2. INTRODUCTION
• Business analytics as the term suggests is understanding and interpreting market
conditions of various industries and providing insights for greater growth for a
business.
• Involve the use of Quantitative technique in determining the trends that pertain in
an Industry.
• With the advent of ecommerce giants like Amazon, Flipkart, Myntra and so on, the
competition has become tremendous which gives rise to extensive usage of analytical
tool to sustain in the market.
3. WHY DO WE NEED ANALYTICS?
• Humans on an average generate a staggering number of 2.5 quintillion bytes of data
every day and 90% of the world’s data that exists today has been generated in the past 2
years alone.
• With the sudden influx of data, the need of the hour for every company is to move towards
a faster and more efficient way of analytics than that done by a human mind.
• Companies are turning to analytical tools to extract meaning out of this huge volume of
data to help improve decision making.
• They are using everything in their capabilities to analyze historical data to make insights
about the future and provide a better path towards greater growth.
• There are a lot of analytical option available today and looking at them can be a daunting
task. For any business to have a holistic view of the market and to sustain the position
they hold in ever-growing competition today requires a robust analytical environment.
4. THE PROBLEM WITH TRADITIONAL RETAIL
ANALYTICS:
• In the past, information about sales were kept private. Companies abstained themselves in
using such information to bring out better results for their growth.
• This meant that they worked in a vacumn and made decisions about design, color, style etc
on basis of unstructured data.
• They lacked other pieces of the puzzle such as pricing policies, competitive analysis, trends
and insights.
5. USE OF ANALYTICS
1. Identify Your Markets:
Trends are influenced largely by culture. What’s trending in one country may be
opposing in another.
As a designer, it is important to know global markets and cultures to understand the
potential of each design that is implemented.
Business Analytics helps collect data, understand it, analyse it and have insights on
preferences of people across the globe and suggest changes for a larger growth.
It also helps target wider audience.
6. 2- Analyse what is Trending
It is hard to keep track of what is trending using traditional monitoring techniques.
Analyses on what is going to be the next “big thing” is what is needed.
Retailers can understand market trends using techniques like the social media sentiment analysis to know
their target audience.
Big data can do a lot more than this.

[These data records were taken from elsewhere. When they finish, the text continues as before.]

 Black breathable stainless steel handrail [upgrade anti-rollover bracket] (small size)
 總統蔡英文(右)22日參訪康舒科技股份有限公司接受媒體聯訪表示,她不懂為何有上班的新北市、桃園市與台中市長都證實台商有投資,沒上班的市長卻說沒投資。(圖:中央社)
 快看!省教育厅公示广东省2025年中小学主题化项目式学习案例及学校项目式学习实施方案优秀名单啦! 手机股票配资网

It can provide insights on impact of different trends on people.
It can help firms make right merchandising decision in the future.
3- Know Your Audience
With the increase in ecommerce it is easy to know what one likes and dislikes. Data analytics accumulated
both organized and unorganized data in one place to generate insights which are not easily visible.

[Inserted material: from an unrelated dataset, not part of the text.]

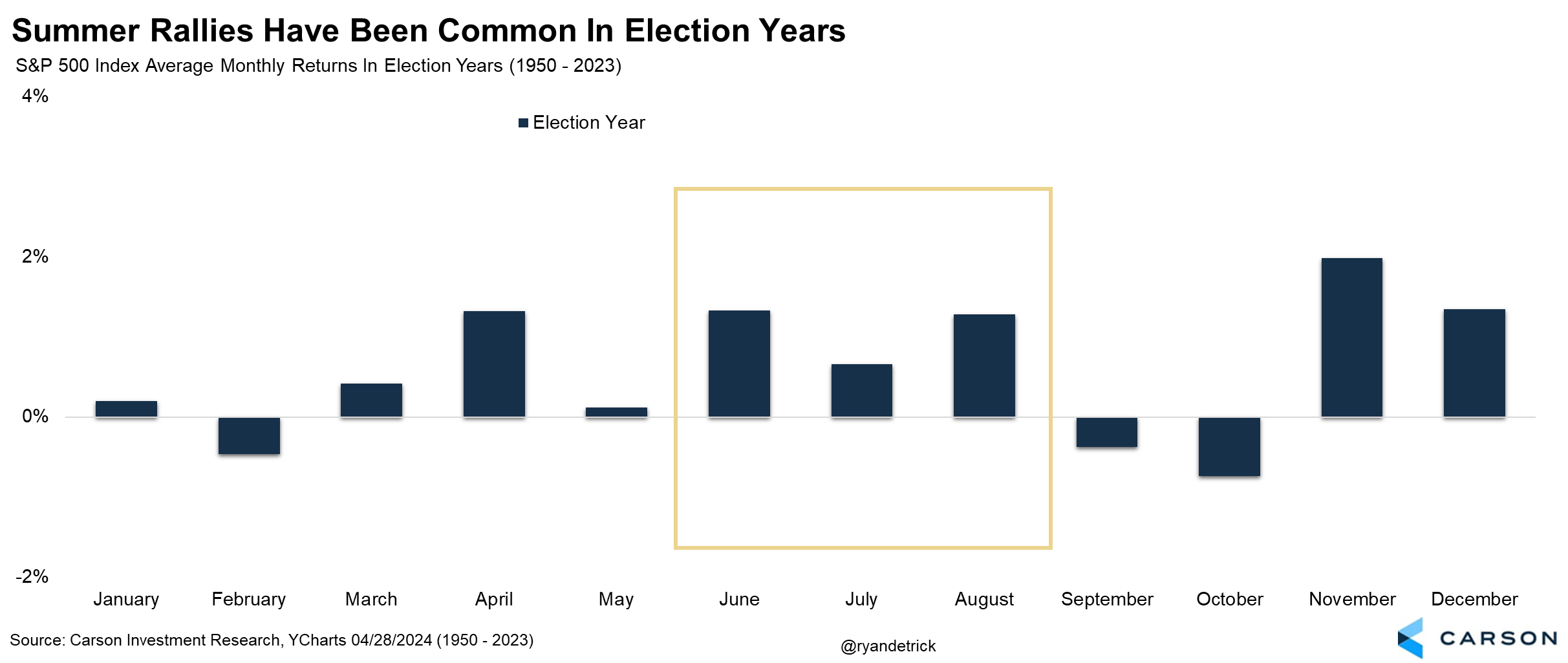 Here’s a chart we’ve shared a lot lately and it was one reason we expected a surprise summer rally when so many were telling us the yield curve and LEIs were reasons to be bearish, a narrative that is now several years old. The bottom line is June, July, and August are historically the best three months for investors in an election year and this year has again rewarded them so far.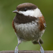 With their white cheeks and dark caps and throats,Chestnut-backed Chickadees look much like Black-capped Chickadees. However the caps of Chestnut-backs are brown rather than black, and their backs, shoulders, and sides are a deep chestnut color. They are also slightly smaller than Black-capped Chickadees. Males, females, and juveniles share similar plumage.

It can also be used in analyzing customer behavior like the hour of the day one likes to shop, how they
respond to marketing messages etc.
Based on such behavior insights businesses can adjust their market and design to suit their customers.
7. 4- Convert with DATA
New collection face the issue of capturing market. With the use of markdown optimization, it becomes
easier to convert more customers and increase revenues. This concept analyses customers behavior to
suggest a price that ignites demand and ensure faster stock clearance. This technique leads to more
efficient and effective clearance sale at the end of every season.
5- Uplift New Designers
Well known designers have more say in the fashion industry. Majority of designs by famous designers
bring in good money to retailers. But the issue with such outfits is the high prices and its limited
customer base.
With the help of business analysis and big data, budding designers can analyse designs and access
their impact on the market.
Using such predictions mid size retailers can make procurement decision about new designers in the
industry. This will also help in uplifting and promoting new talent and sales.

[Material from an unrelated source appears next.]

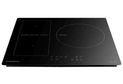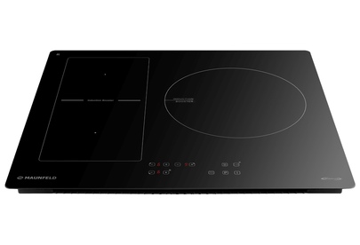 Индукционная варочная панель Maunfeld CVI593BBK Inverter – это сочетание высоких технологий, стильного дизайна и функциональности. Поверхность из стеклокерамики, коллекция модерн и черный цвет делают эту модель прекрасным дополнением для любой современной кухни. Габариты варочной панели составляют 59 см в ширину, 52 см в глубину и 5.8 см в высоту, что позволяет легко встроить ее в любую нишу размером 56.5 х 49.5 см. Управление электронное, с сенсорными элементами и слайдером для удобства использования. Всего 9 ступеней мощности, индикация ступени нагрева и наличия посуды, вывод сообщения об ошибке и технология непрерывного нагрева делают процесс приготовления пищи максимально простым и комфортным. Уникальность этой модели заключается в инверторной технологии, функции Bridge, возможности размораживания и подогрева, а также наличии таймера для каждой из трех индукционных конфорок. Диаметр конфорок варьируется от 160 до 280 мм, а их мощность от 1200 до 3000 Вт. Благодаря функции детектора диаметра п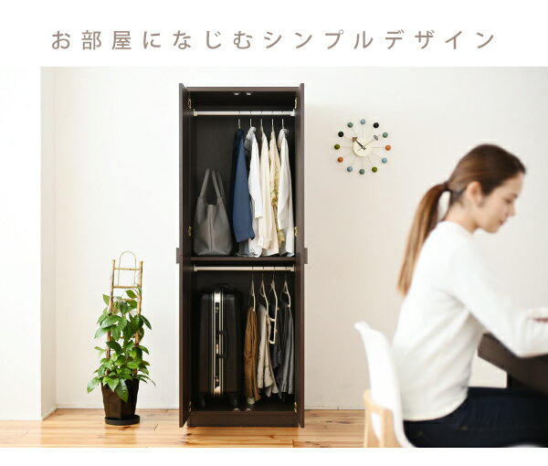 ■本体サイズ[外寸] 幅59.5×奥行53.5×高さ180cm■その他サイズ[内寸] (扉内)幅55×奥行48×高さ166cm (上段ハンガーバー)幅54.5×高さ(可動棚最上段)68.5〜(可動棚最下段)97.5cm (下段ハンガーバー)幅54.5×高さ(可動棚最上段)80〜(可動棚最下段)54.5cm(3.2cmピッチ10穴) (可動棚)幅55.5×奥行47.5×厚み1.7cm(3.2cmピッチ10穴)■材質[本体]プリント紙化粧合板■収納量・耐荷重【耐荷重】 [ハンガーバー]約12kg以下 [可動棚]約20kg以下 【ハンガーバー収納量】 [衣類]約20〜36着■備考・可動棚:1枚 ・六角レンチ同梱■生産国ベトナム■組立時間(目安)(大人2人)お客様組立(90分)■キーワードロッカー ブレザーダンス ロッカーダンス 収納 服 衣服 タンス 箪笥 たんす 整理 衣類の整理 家具 ワードローブ 洋服 ハンガーラック 服 収納 洋服ダンス 二段 天井 つっぱり 吊るす 組立式 60cm 幅 W60 H180 扉 壁面 収納家具 壁面収納 アイデア 収納術ひとり暮らし 一人暮らし 新生活 衣類の収納 洋服の収納 木製ハンガー ホワイト 白 ブラウン ダークブラウン ※イキトセレクトでは複数店舗にて在庫を共有しているため、ご注文のタイミングによって欠品・お取り寄せとなる場合もございます。

8. 6- Measure the Influence:
Picking on a brand ambassador is a crucial task for every fashion company. They prefer to bring in famous
faces to advertise and market their products.
Big data analysis can help understand emotions people associate to various celebrated figures and the
impact of collaborating with them on the company sales.
Using these insights brands can make data backed decisions for a more evident result.
This also helps save time and energy spent in debating the influence of different brand ambassdors by
bringing data into picture.
7- Improve Cross-selling:
It is a concept of selling more goods to existing customers. By using analytical techniques like “market
basket analysis” it is possible to predict what a consumer will buy in the future.
This technique uses historical purchase data to identify products that complement each other.
It can help shop owners to organize their stores, both online and offline.
This can also be used to send more effective marketing messages to consumers. It makes it easy to upscale
revenues by promoting cross-selling.
9. CONCLUSION
• The range of insights that big data analysis can generate for the fashion industry is
highly extensive. Big data is so effective that even mid-size retailers can compete
with the giants if they use the data properly.
• Data analytics generated by tools like Hadoop BI are more than satisfactory to give
anyone a head start. Even if you are not from a statistical background it not difficult
to understand data provided you have good data scientist.
• Big data visualization tools like Tableau and QlikView specialize in presenting data
in ways easily understood by executives.